Print, exactly as they stand, the lines below from the one that has "(مات ذمي فقالت" to the one that has "Contoh Surat Perletakan Jawatan", inclusive, leaving out the pictures.

▸ **RECORDS TO USE**:
○ ○ ○ ○ ○ ○ ○
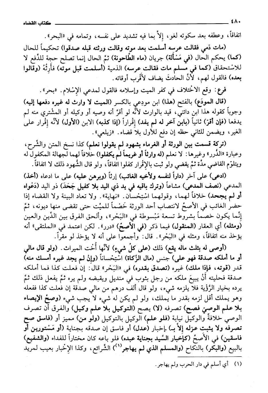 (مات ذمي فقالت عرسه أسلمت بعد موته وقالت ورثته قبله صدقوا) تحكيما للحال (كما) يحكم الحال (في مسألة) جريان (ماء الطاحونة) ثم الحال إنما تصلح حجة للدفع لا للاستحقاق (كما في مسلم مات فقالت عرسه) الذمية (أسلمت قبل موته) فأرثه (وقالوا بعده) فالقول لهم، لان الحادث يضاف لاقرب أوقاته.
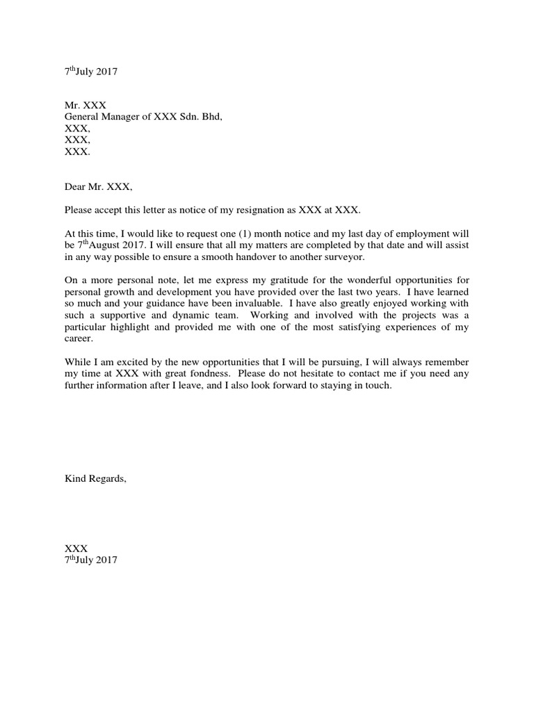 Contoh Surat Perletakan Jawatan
○ ○ ○ ○ ○ ○ ○
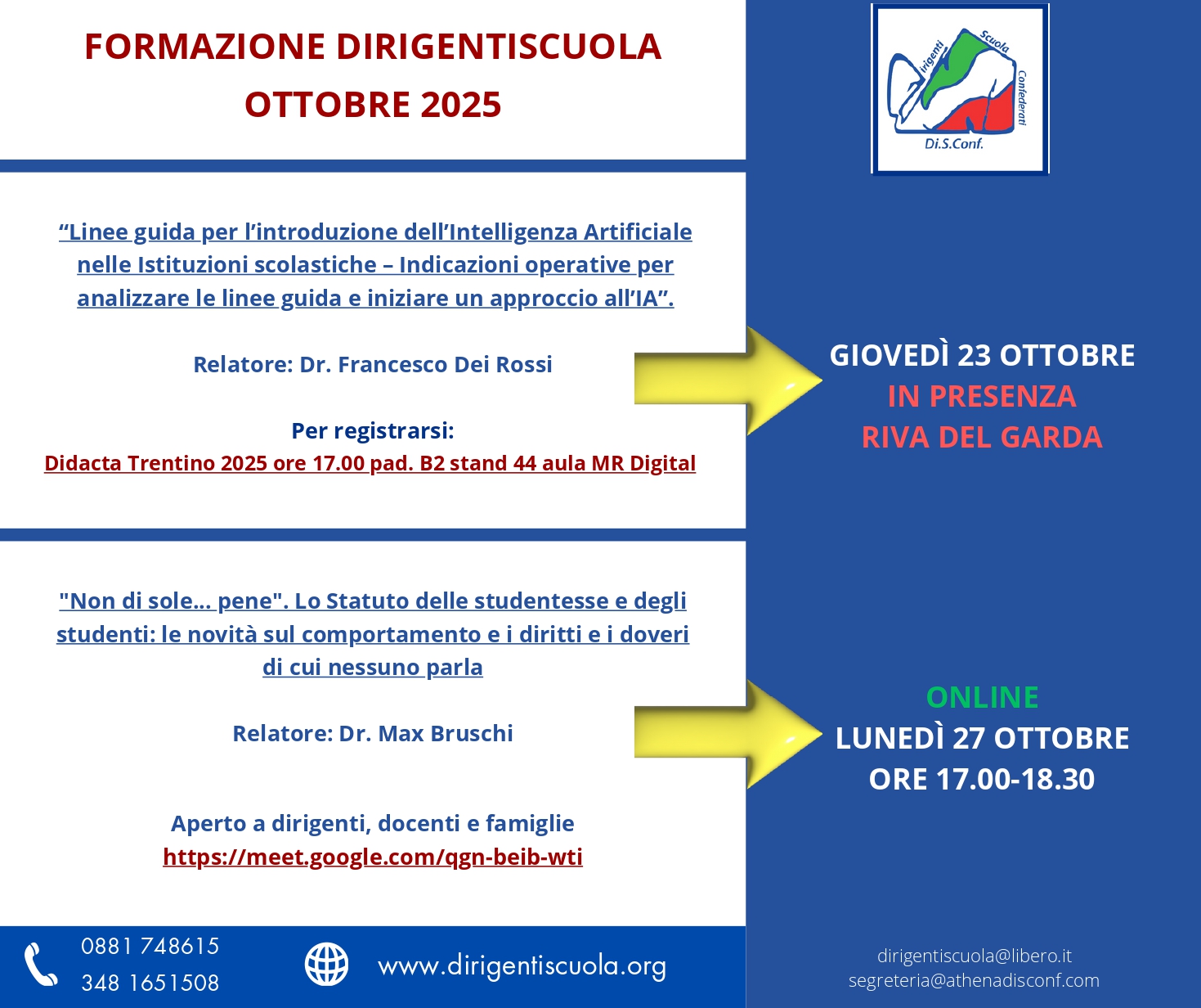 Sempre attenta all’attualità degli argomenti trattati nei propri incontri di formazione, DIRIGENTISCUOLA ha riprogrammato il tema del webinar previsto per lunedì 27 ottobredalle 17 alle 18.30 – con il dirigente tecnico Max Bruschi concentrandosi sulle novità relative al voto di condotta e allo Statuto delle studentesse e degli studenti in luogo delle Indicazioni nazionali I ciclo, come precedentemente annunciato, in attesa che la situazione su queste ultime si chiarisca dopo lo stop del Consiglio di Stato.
○ ○ ○ ○ ○ ○ ○
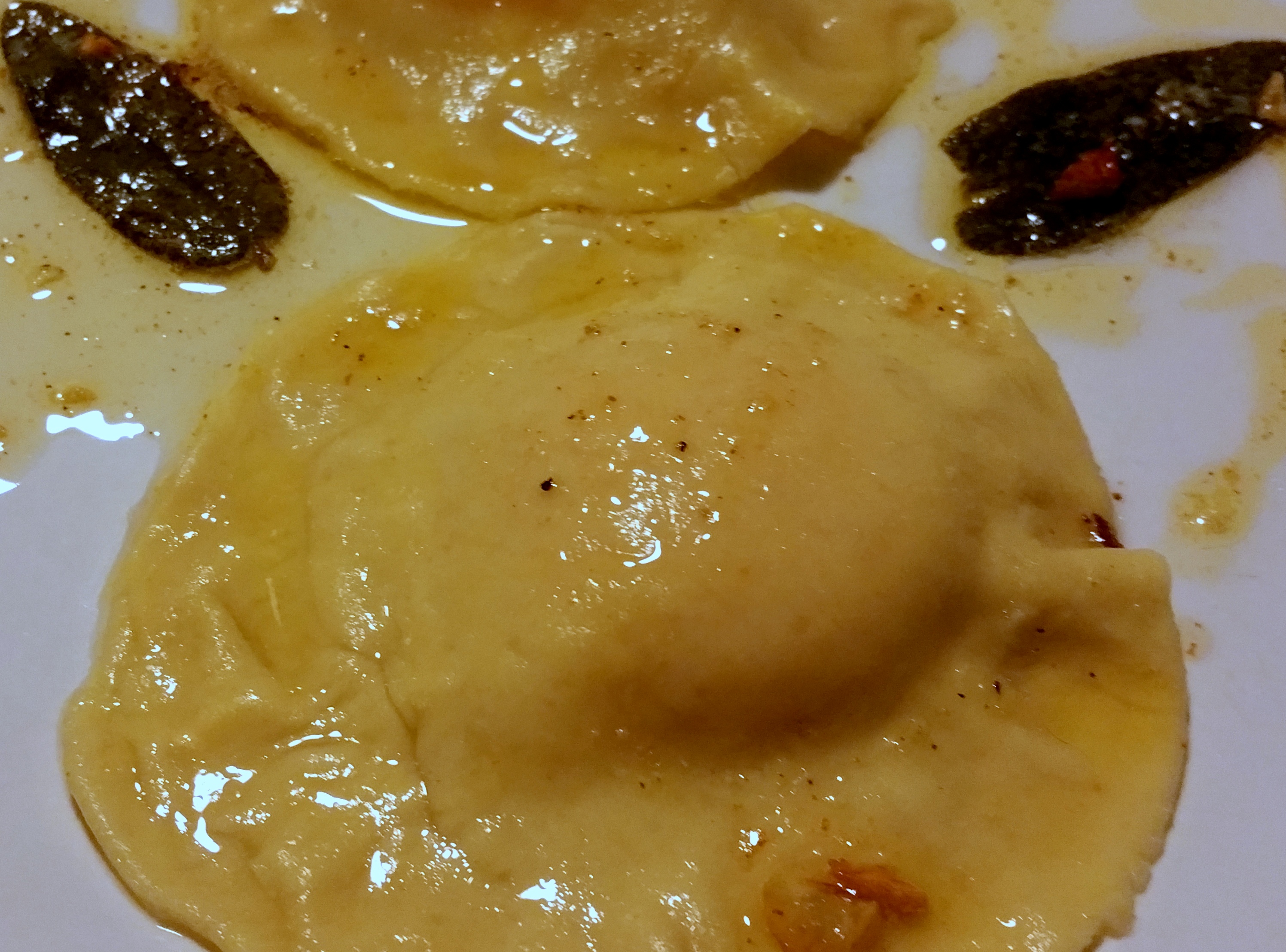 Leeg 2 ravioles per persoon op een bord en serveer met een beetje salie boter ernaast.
○ ○ ○ ○ ○ ○ ○
▸ **RESPONSE BOX**:
 (مات ذمي فقالت عرسه أسلمت بعد موته وقالت ورثته قبله صدقوا) تحكيما للحال (كما) يحكم الحال (في مسألة) جريان (ماء الطاحونة) ثم الحال إنما تصلح حجة للدفع لا للاستحقاق (كما في مسلم مات فقالت عرسه) الذمية (أسلمت قبل موته) فأرثه (وقالوا بعده) فالقول لهم، لان الحادث يضاف لاقرب أوقاته.
 Contoh Surat Perletakan Jawatan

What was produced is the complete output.